I then had to leave the Freedom trail to catch my bus down to Hyannis but I planned to pick up where I left off in a few days time. As I walked to the bus station I noticed the number of European/English tour groups that were using the trail. I suppose Boston has what the English love, beautiful buildings and an interesting history, and that sense of stepping back in time. And as for the fact that the trail is subconsciously anti-British. Well, we have seen it all before and can live with that..can't we?
Just before this is a lovely courtyard where wall plates commemorate those who died at the battle of Bunker Hill. With trees and benches this is a beautifully genteel part of Boston and the streets narrow here to give a real sense of the past. The Old North church itself is a lovely Anglican church made of whitestone and a wood-beam carved interior. It was packed with tour groups when I was in there so I left and followed the red trail uphill to the Copps Hill burial ground.
With the exception of New Orleans, this is one of the few parts of America that still looks the same way it did hundreds of years ago. This is reinforced by the brownstone Georgian houses and cobbled streets and the absence of traffic. The burial ground itself is a beautifully kept cemetery with trimmed grass and expansive views over Boston harbour. This is where British troops aimed their cannons ready for the battle of Bunker hill. And the tip of the Bunker Hill monument is visible from this high bit of ground. In fact in this spot you get a good idea of Boston's original intention, that of a port.
Then under the underpass (why have they put a freeway through the centre of historic Boston?)and across the bridge to Charlestown. Here the Freedom trail became a little obscured as it passed a construction site. And there followed an amusing sight of tourists scouring through the dust and rubble trying to pick it up again. Then the wonderful Charlestown naval yard with USS Constitution - "Old Ironsides" which was built in 1797 and was used in the war of 1812. This was a terrific ship to explore and I like so many other tourists couldn't help but play with the Bofors gun.

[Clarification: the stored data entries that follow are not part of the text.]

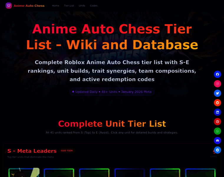 List of all Characters (Units) and Tiers in Anime Auto Chess. Learn about all units ranked S-E and their builds, trait synergies, active codes, and wiki.
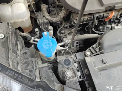 今早开车出门清理玻璃时发现玻璃水用完了,前段时间天冷加了去年剩下的半瓶过冬用零下30度的玻璃水,后备箱有刚买回来的就打算把它加上。打开机舱以后,一眼就能看到加注玻璃水的地方,一个蓝色的小盖子非常醒目。
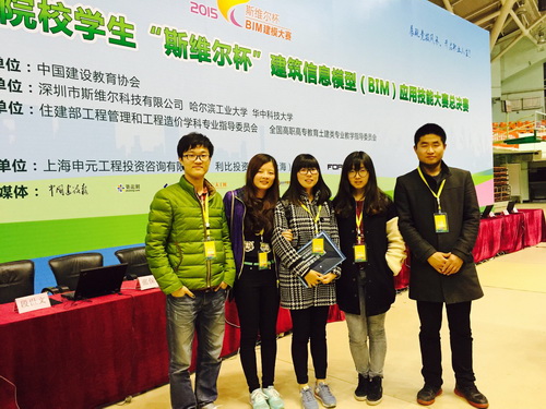 近日,由中国建设教育协会主办,深圳市斯维尔科技有限公司、华中科技大学和哈尔滨工业大学承办,住建部工程管理和工程造价学科专业指导委员会、全国高职高专教育土建类专业教学指导委员会大力支持的第六届全国中、高等院校学生“斯维尔杯”建筑信息模型( BIM )应用技能大赛全国总决赛在华中科技大学和哈尔滨工业大学同步举行。由商学院工程管理专业的周建强、胡蓉蓉、张鑫源、杨智超、周雪五位同学组成的学生团队,在张金娟老师、宋海风老师的指导下,与清华大学等众多名校、以及国家示范高职院校、国家骨干高、中职院校等名校学生同台竞赛,经过层层角逐,最终凭借其卓越的实力,荣获全国全能二等奖一个、专项二等奖四个、专项三等奖三个。这不仅是星空在该比赛的一个新的突破,也是本届大赛天津市高校最好成绩。
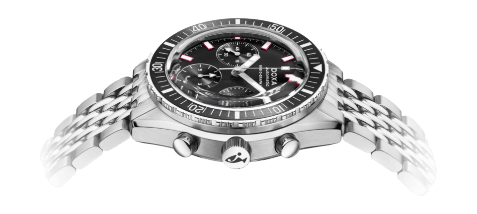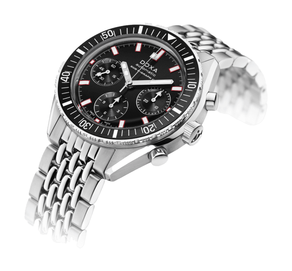 The mechanical automatic chronograph (28,800 vph, 4.0 Hz, 27 jewels) is a Tri-Compax model with three counters for keeping track of dive times and a unidirectional rotating steel bezel with the minute indication highlighted in white Super-Luminova™.

Then up through the Brownstone streets to the Bunker hill monument. This area is gorgeous and the walk uphill takes you past Georgian houses and ornate lampposts. At the top of the hill is a huge tower marking the spot of the battle of Bunker hill. Inside is an uninformative museum with diorama's showing the battle. But also 300 steps leading up to the top of the tower which give excellent views of the harbour and north Boston. On my way out I was accosted by a character dressed in 18th garb who informed me the monument was to commemorate the battle and to chant "Down with the British! Down with the British!".
I looked at him with amazement.
"But I am British."
So that was the end of the Freedom trail and I must admit it is a wonderful idea and showed me parts of Boston I would never have wandered into on my own. It has that wonderful sense of stepping back in time and its inhabitants are very proud of its history. But in many ways it was very unsatisfactory. As you wandered the streets you noticed the names - Hull Street, Fleet Street and Richmond Street. And realise there are stories behind the names. I wanted to know what life was like in 18th century, for rich or poor, black and white. And Freedom trail, despite its hyperbole, did not accomplish this.
But as I waited for my bus to Washington I walked along the Charles River to the Harvard bridge and looked across the water. There were joggers in the park and yachts and rowers on the river, all silhouetted against the skyscrapers of downtown Boston. And there is no denying it - this is a great city.